2017-06-14 20:49:01,159 INFO [Task-committing-pool-0] gobblin.runtime.fork.Fork-0: Committing data for fork 0 of task test_gobblin10_kafka_avro_to_hdfs_1497473210357_53
2017-06-14 20:49:01,167 INFO [Task-committing-pool-0] gobblin.source.extractor.extract.kafka.KafkaExtractor: Actual high watermark for partition xxxx_topic:83=30770295, expected=30770295
2017-06-14 20:49:01,167 INFO [Task-committing-pool-0] gobblin.source.extractor.extract.kafka.KafkaExtractor: Avg time to pull a record for partition xxxx_topic:83 not recorded
2017-06-14 20:49:01,182 INFO [Task-committing-pool-0] gobblin.runtime.Task: publish.data.at.job.level is true. Will publish data at the job level.

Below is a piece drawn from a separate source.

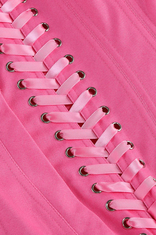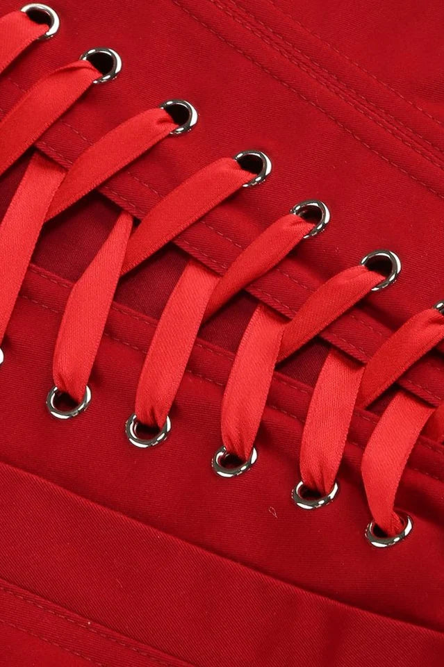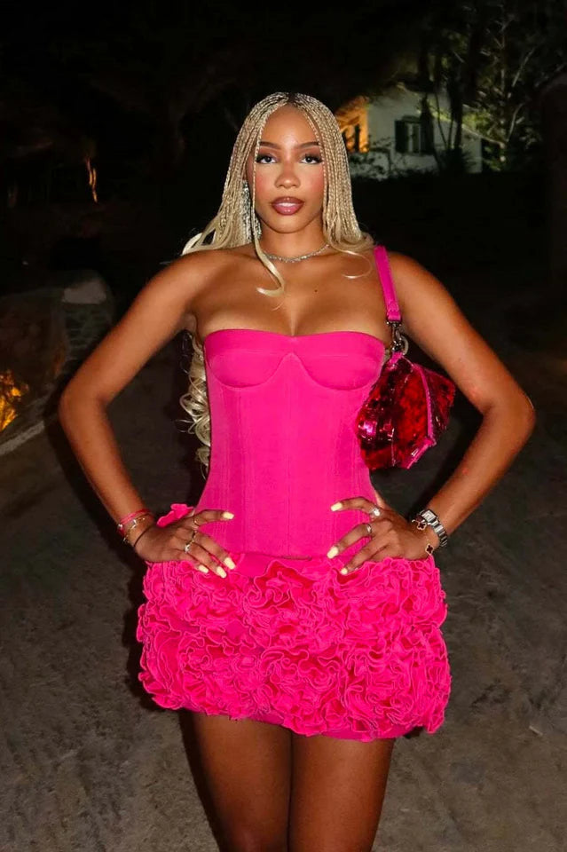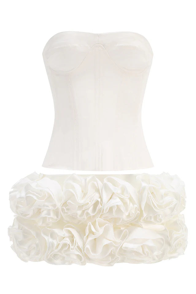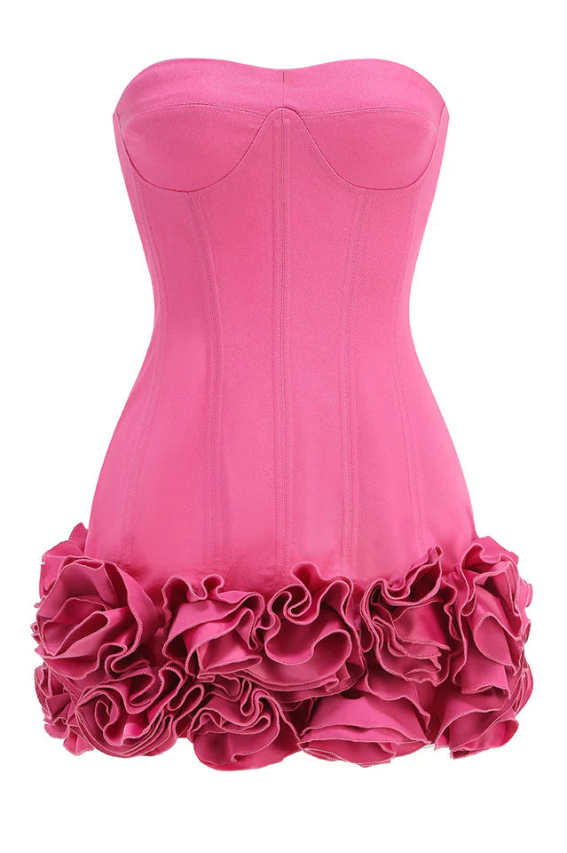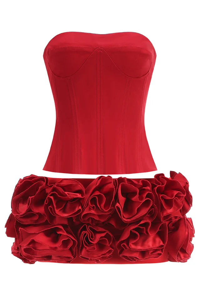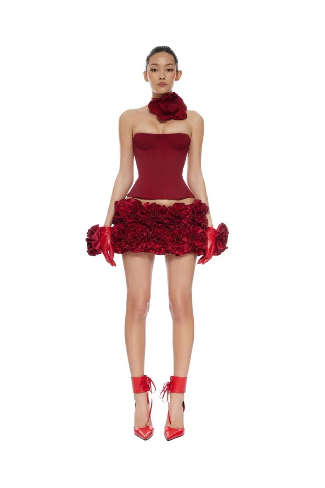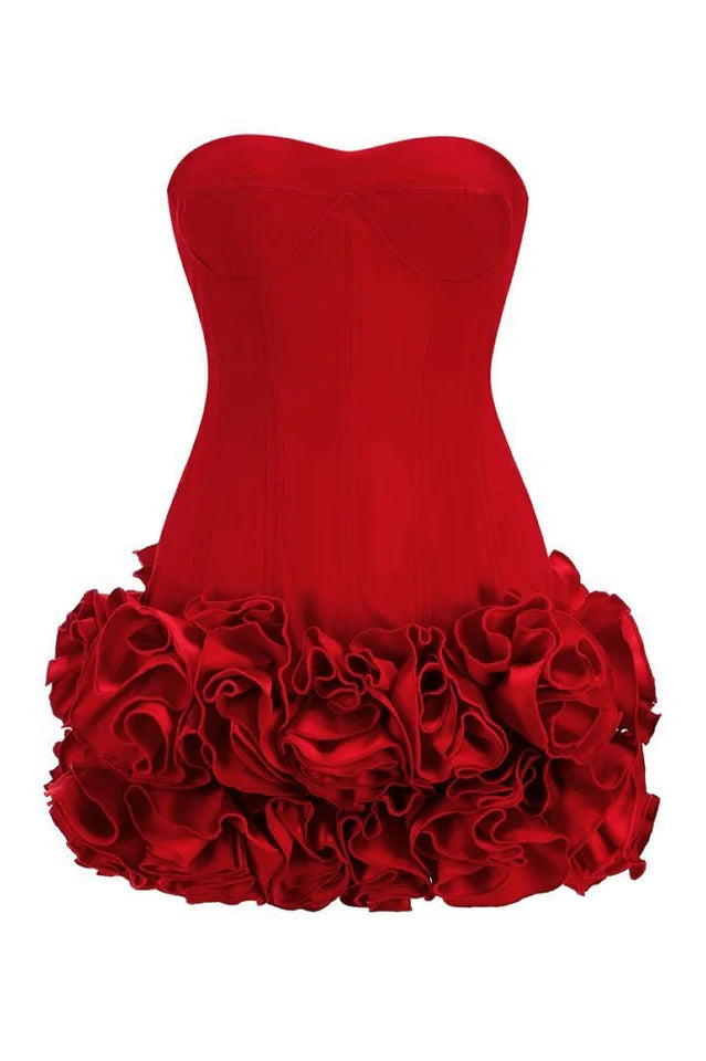 Unleash your inner diva with this sensational strapless mini dress, designed for those who dare to stand out. Crafted in a sultry red, this dress features a corset-style bodice that sculpts and cinches the waist, providing an ultra-flattering fit. The statement-making skirt is adorned with intricate, voluminous rosettes, creating a striking silhouette that exudes romance and drama.

2017-06-14 20:49:01,182 INFO [Task-committing-pool-0] gobblin.runtime.mapreduce.MRTaskStateTracker: Task task_test_gobblin10_kafka_avro_to_hdfs_149
Any thoughts why 0.10 is unable to extract any records while 0.8 was working fine with the same custom source/extractor.
Note: I see 0.10 is using Avro 1.8.1 but 0.8 was 1.7.7. Our Kafka topic has Avro records with 1.7.7.